11. The method of claim 10 further comprising administering to the individual an AMP kinase agonist in an amount effective to reduce or inhibit the proliferation of the tumor cells.

12. The method of claim 10, wherein said obtaining tumor sample involves a biopsy.

13. The method of claims 10, wherein said tumor sample is a cellular sample.

14. The method claim 10, wherein said tumor sample is a DNA sample.

15. The method of claim 11, wherein the AMP kinase agonist is administered in combination with a therapeutic agent.

16. The method of claim 15, wherein the therapeutic agent can target proliferating tumor cells.

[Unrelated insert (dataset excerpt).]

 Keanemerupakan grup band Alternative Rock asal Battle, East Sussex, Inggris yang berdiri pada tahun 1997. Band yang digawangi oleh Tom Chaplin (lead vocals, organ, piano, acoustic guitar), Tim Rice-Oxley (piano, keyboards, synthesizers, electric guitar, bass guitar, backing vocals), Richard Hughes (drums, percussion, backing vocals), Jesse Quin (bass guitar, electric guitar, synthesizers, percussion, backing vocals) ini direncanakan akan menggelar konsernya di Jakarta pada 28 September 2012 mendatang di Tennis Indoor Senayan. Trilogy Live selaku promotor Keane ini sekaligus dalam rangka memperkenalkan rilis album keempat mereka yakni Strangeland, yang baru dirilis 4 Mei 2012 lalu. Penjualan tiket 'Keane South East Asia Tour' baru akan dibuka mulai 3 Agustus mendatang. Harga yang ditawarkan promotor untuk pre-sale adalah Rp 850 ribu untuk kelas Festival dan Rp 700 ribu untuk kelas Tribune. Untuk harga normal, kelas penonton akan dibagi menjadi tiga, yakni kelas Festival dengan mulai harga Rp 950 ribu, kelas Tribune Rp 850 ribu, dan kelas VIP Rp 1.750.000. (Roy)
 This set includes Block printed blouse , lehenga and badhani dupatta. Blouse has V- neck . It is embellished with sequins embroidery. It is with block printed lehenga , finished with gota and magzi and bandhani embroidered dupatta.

17. The method of claim 10, wherein said AMP kinase agonist is selected from the group consisting of Metformin (N,N-dimethylimidodicarbonimidic diamide), Resveratrol (trans-3,5,4′-Trihydroxystilbene), AICA-riboside (5-aminoimidazole-4-carboxamide riboside), AICA base (5-aminoimidazole-4-carboxamide), SAICAR (5-amino-4-imidazole-N-succinocarboxamide riboside), ZMP (5-aminoimidazole-4-carboxamide-1-beta-D-ribofuranosyl-5′-monophosphate), 6-MPR (6-mercaptopurine riboside), AMP analogues, and derivatives of any of said compounds.

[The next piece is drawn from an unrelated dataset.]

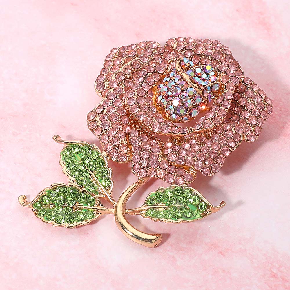 Details • Size : 2.25" X 3" • Pin Brooch • Add a touch of romance and sparkle with this crystal rose brooch, beautifully designed with shimmering stones for a radiant look. Perfect as a statement accessory on jackets, dresses, scarves, or handbags, this floral pin is ideal for weddings, special occasions, or as a thoughtful gift for someone special. • Lead and Nickel Compliant
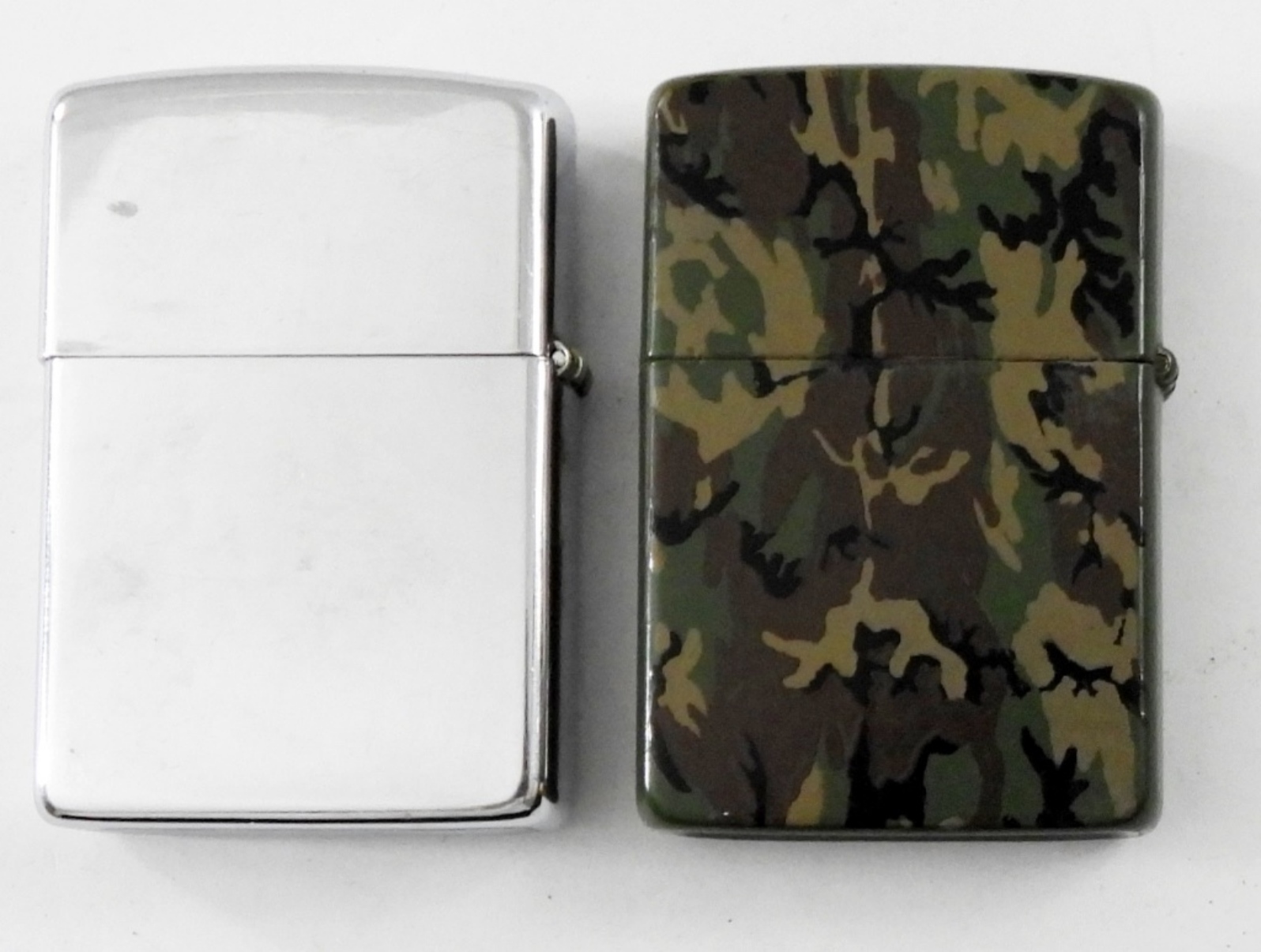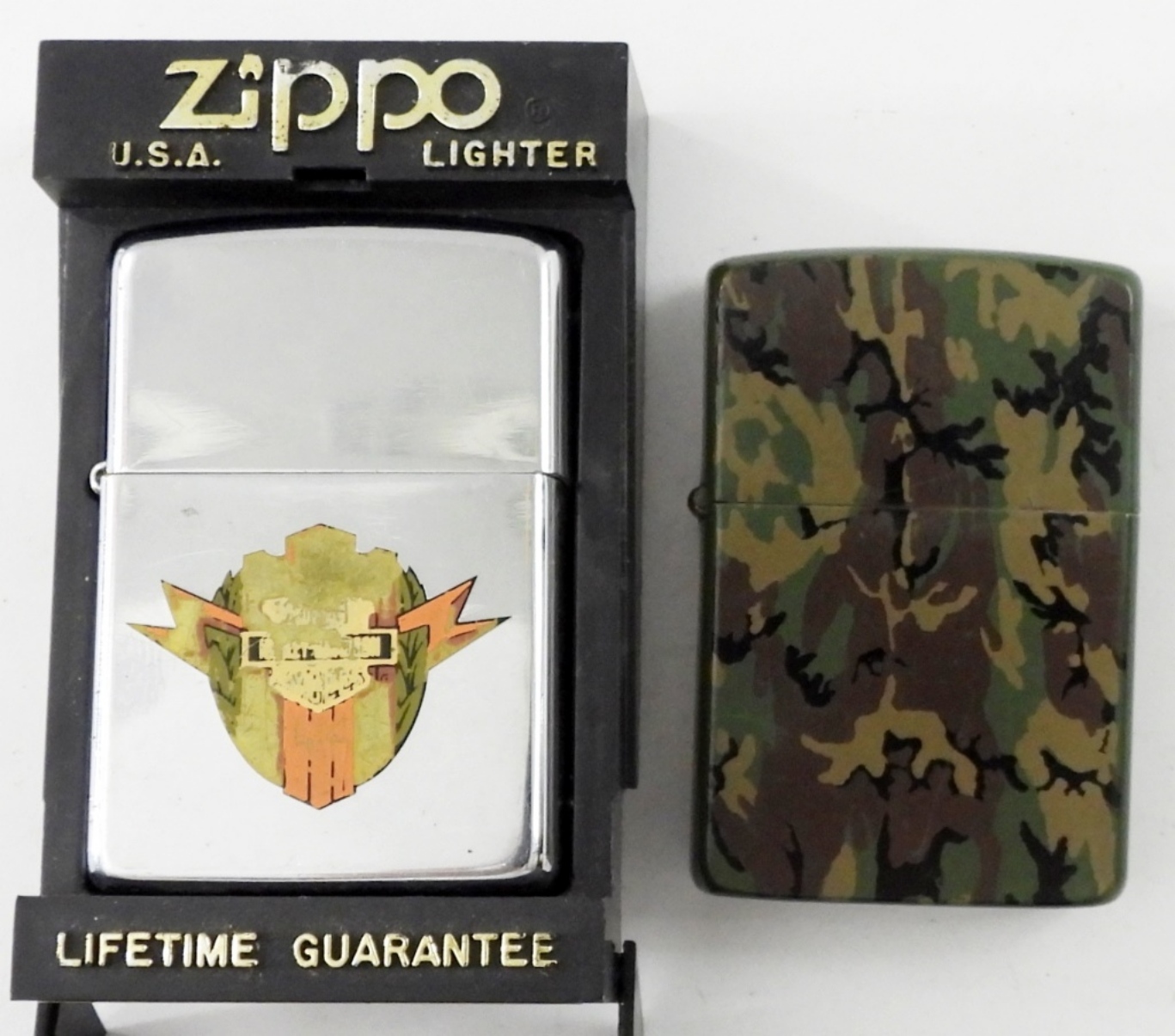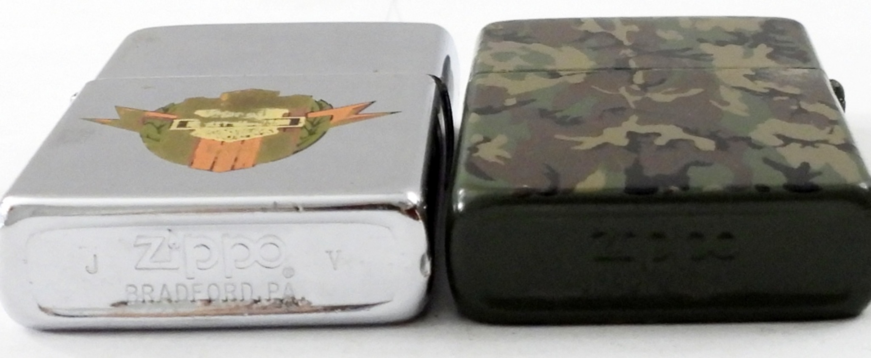 1977 VINTAGE CAMO ZIPPO, FIRED. 1989 ZIPPO WITH LOGO,FIRED .IN ZIPPO CASE

18. The method of claim 15, wherein the therapeutic agent is selected from the group consisting of: 17-(Allylamino)-17-demethoxygeldanamycin (17-AAG), chloroquine, 5-fluorouracil (5-FU), daunomycin, doxorubicin, mitomycin, paclitaxel, rapamycin, (sirolimus), dexamethasone, 2-methoxyestradiol, and Piritrexim isethionate.

19. A method comprising,

contacting tumor cells lacking functional endogeneous tumor suppressor gene with an AMP kinase agonist in an amount effective to reduce or inhibit the proliferation of the cells.

20. The method of claim 19, wherein the tumor suppressor gene encodes p53 protein.

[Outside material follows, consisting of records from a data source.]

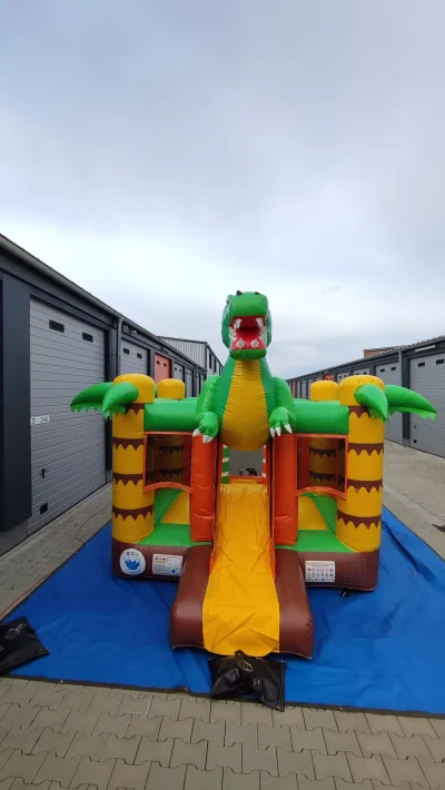 T-Rex Hüpfburg – der wilde Dino für deinen Garten! Sie ist 3,4x3x3 Meter groß und bietet Platz für 5 aufgeweckte Kids. S...
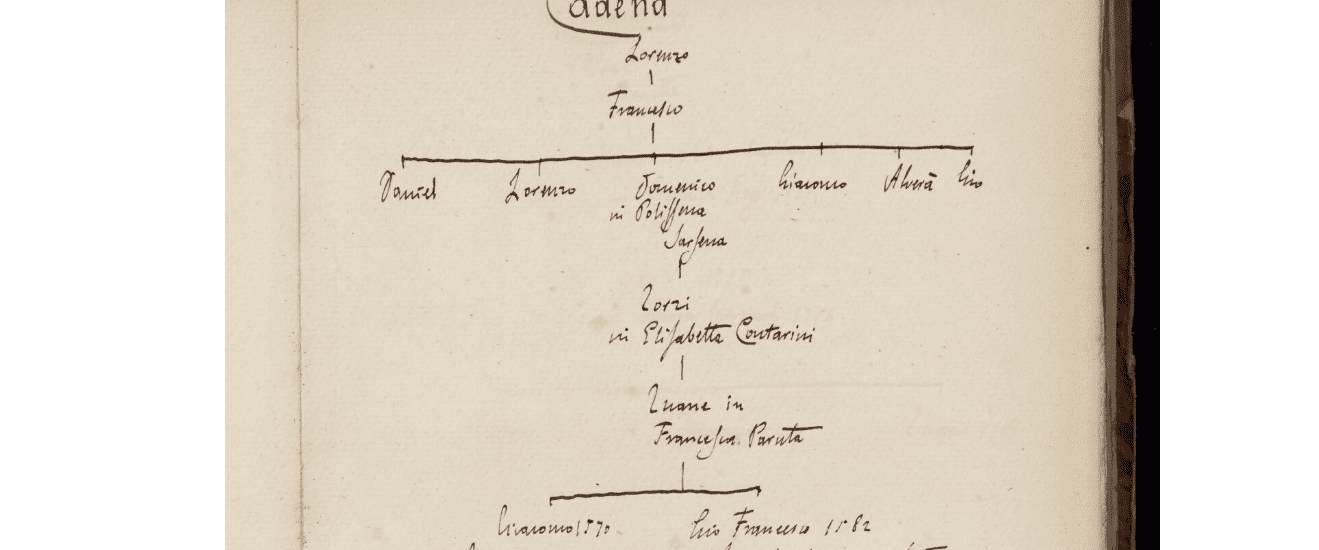 Ciò che però più mi interessa in questo contesto riguarda l’ascendenza di Gaspare Cadena. Egli è indicato come figlio di Nicolau Cadena e di Laura Lini, cittadini della città di Venezia. Nicolau risulta a sua volta figlio di Pietro Cadena e di Fabia Contarini, anch’essi veneziani.
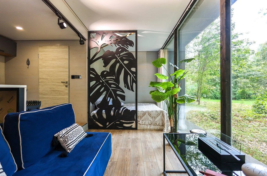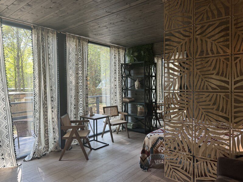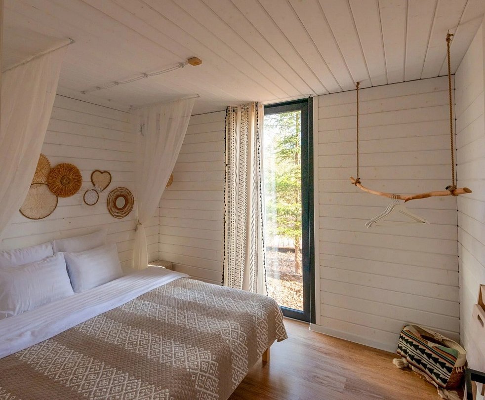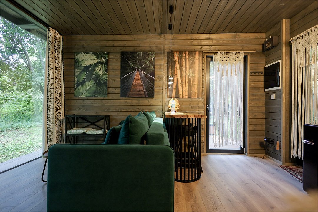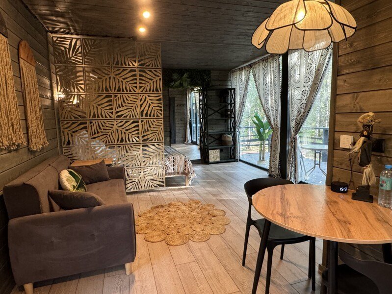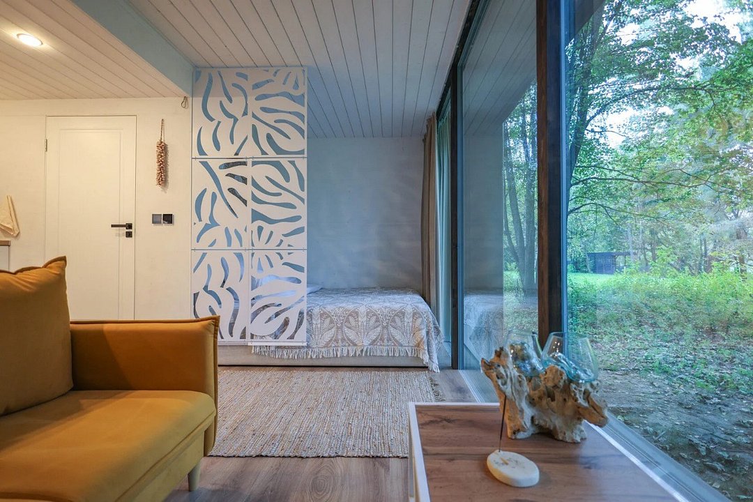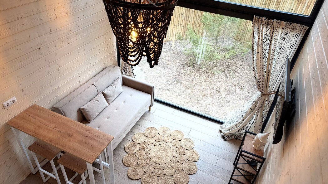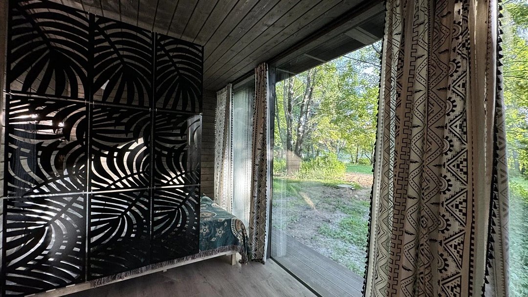 телевизор, Wi-Fi, фен, микроволновая печь, душевая кабина, санузел, гигиенические средства, двуспальная кровать, диван, шкаф для одежды, барная стойка, зеркало, унитаз, туалет, панорамные окна, раскладной диван, вид на лес, умная колонка, мыло, окна от пола до потолка, можно с питомцамиВ гостиничном номере

21. The method of claim 19, wherein said AMP kinase agonist is selected from the group consisting of Metformin (N,N-dimethylimidodicarbonimidic diamide), Resveratrol (trans-3,5,4′-Trihydroxystilbene), AICA-riboside (5-aminoimidazole-4-carboxamide riboside), AICA base (5-aminoimidazole-4-carboxamide), SAICAR (5-amino-4-imidazole-N-succinocarboxamide riboside), ZMP (5-aminoimidazole-4-carboxamide-1-beta-D-ribofuranosyl-5′-monophosphate), 6-MPR (6-mercaptopurine riboside), AMP analogues, and derivatives of any of said compounds.

22. The method of claim 19, further comprising contacting the cells with an effective amount of a therapeutic agent.

23. The method of claim 22, wherein the therapeutic agent is selected from the group consisting of: 17-(Allylamino)-17-demethoxygeldanamycin (17-AAG), chloroquine, 5-fluorouracil (5-FU), daunomycin, doxorubicin, mitomycin, paclitaxel, rapamycin, (sirolimus), dexamethasone, 2-methoxyestradiol, and Piritrexim isethionate.

24. The method of claim 1, wherein the tumor is non-pancreatic.

25. The method of claim 1, wherein the AMP kinase agonist is not metformin.

26. The method of claim 1, wherein the AMP kinase agonist is not AICA-riboside.